Does anyone know any unix commands/perl script that would insert a specific character (that can be entered as either hex (ie 7C) or as the actual character (ie |)) in the position of the nth recurring occurence of a specific character.
ie perl script.pl "," 3 "|" data.txt
would replace every 3rd,6th,9th...etc comma with a pipe.

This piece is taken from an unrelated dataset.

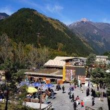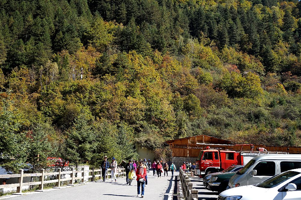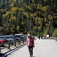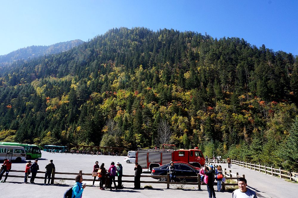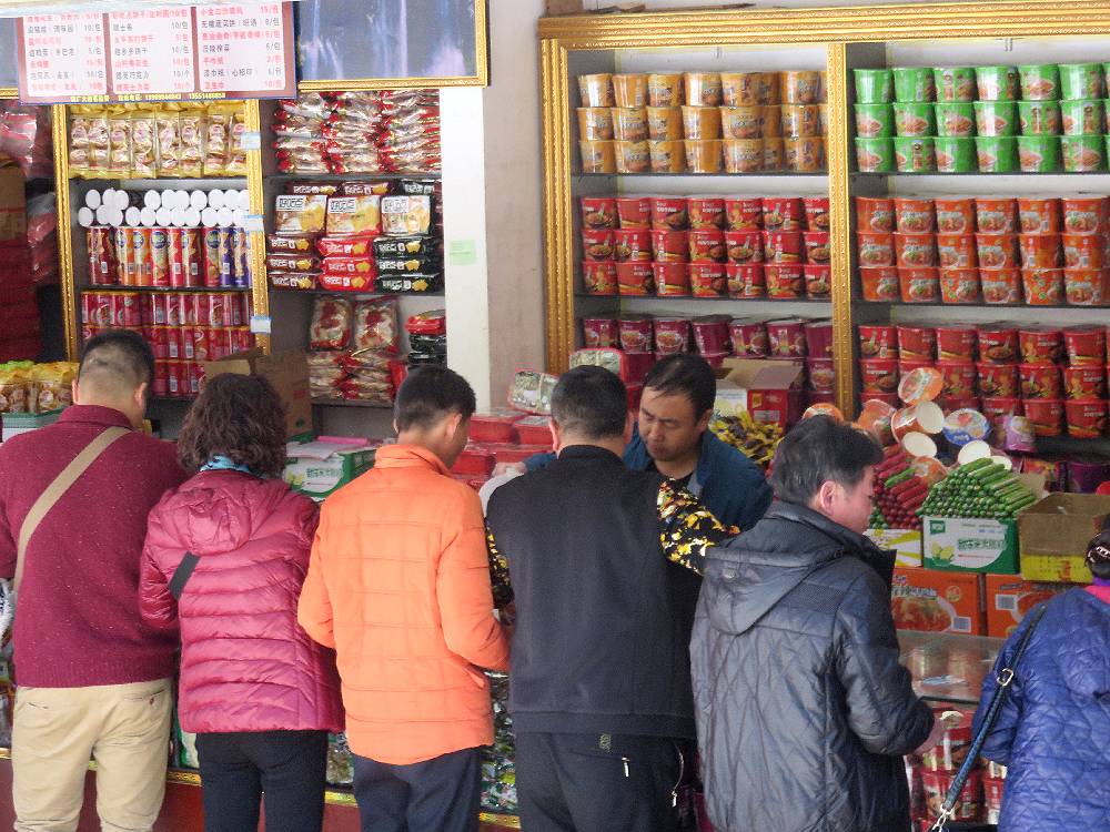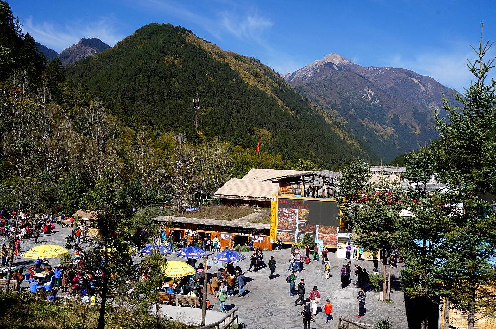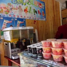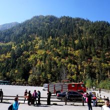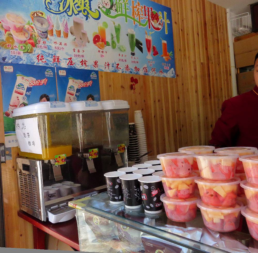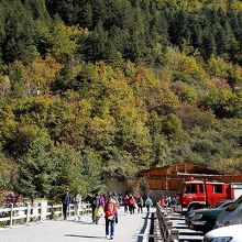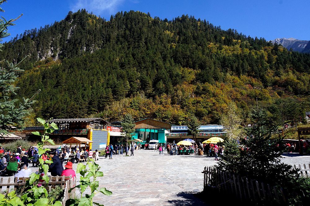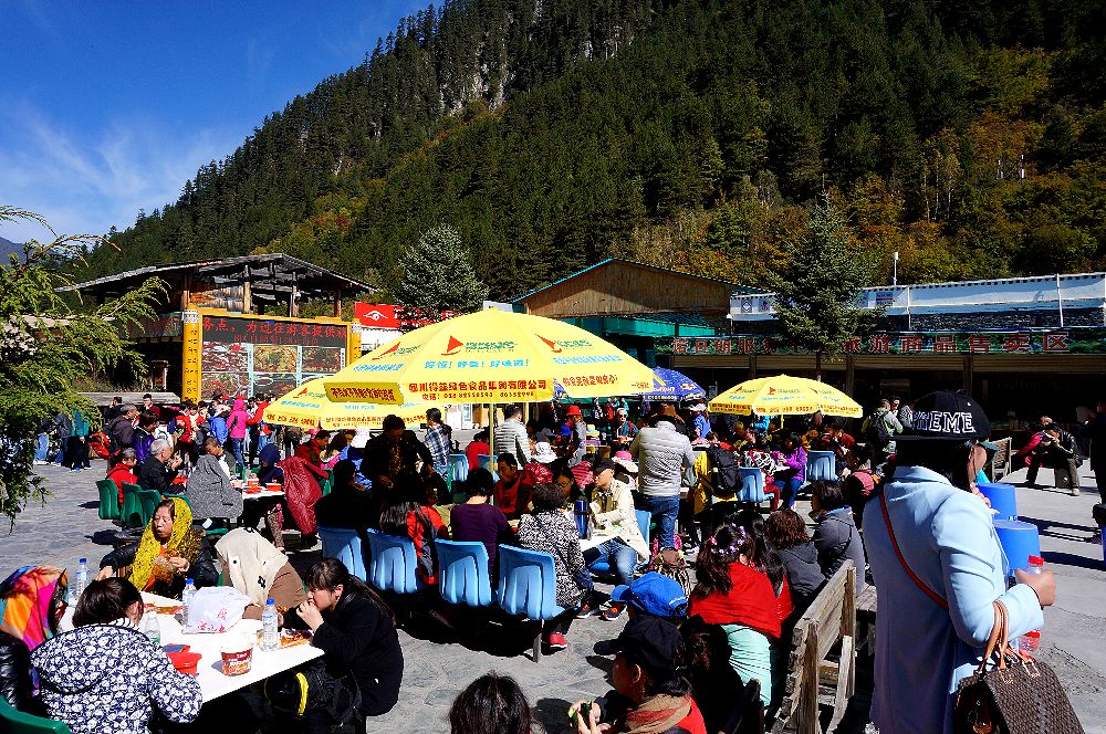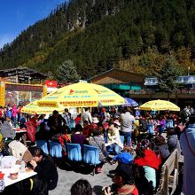 九寨溝2日目は諾日朗瀑布を訪れる前にここで昼食を食べました。ちょうど昼食時間帯だったので、長海からのバスを降りて、売店の立ち並ぶレストラン前の広場で椅子に座って食べようとしましたが、中国人観光客で椅子は占領されていました。しかたなく、売店でスイカとメロンのパック詰め合わせを200円で購入し、持参したパンと一緒に土手に座って食べました。中国人たちは売店でカップラーメンなどを買って、思い思いに食べていました。日本人のツアー客はレストランのビュッフェを食べると聞いていましたが、広場の売店にはおいしそうなものが売られていましたので、お腹の心配のない人はここで買って食べてもいいかも知れません。果物の詰め合わせは甘くておいしかったです。なお、早朝長海方面のバスに乗り換えるとき、広場を通る階段は通れません。上のほうにあるバス停まで車道を迂回しなければなりませんので、注意が必要です。

So if data.txt had the following before the script was run:
fd,3232,gfd67gf,
peas,989767,jkdfnfgjhf,
dhdhjsk,267,ujfdsy,fuyds,637296,ldosi,fduy,
873,fuisouyd,try
save,2837,ipoi
It should then have this after the script was run:
fd,3232,gfd67gf|
peas,989767,jkdfnfgjhf|
dhdhjsk,267,ujfdsy|fuyds,637296,ldosi|fduy,
873,fuisouyd|try
save,2837,ipoi
Small perl hack to solve the problem. Using the index
function to find the commas, modulus to replace the right one, and substr
to perform the replacement.
use strict;
use warnings;
while (<>) {
my $x=index($_,",");
my $i = 0;
while ($x != -1) {
$i++;
unless ($i % 3) {
$_ = substr($_,0,$x) ."|". substr($_,$x+1);
}
$x = index($_,",",$x + 1)
}
print;
}
Run with perl script.pl file.csv
.
Note: You can place the declaration my $i
before the while(<>)
loop in order to do a global count, instead of a separate count for each line. Not quite sure I understood your question in that regard.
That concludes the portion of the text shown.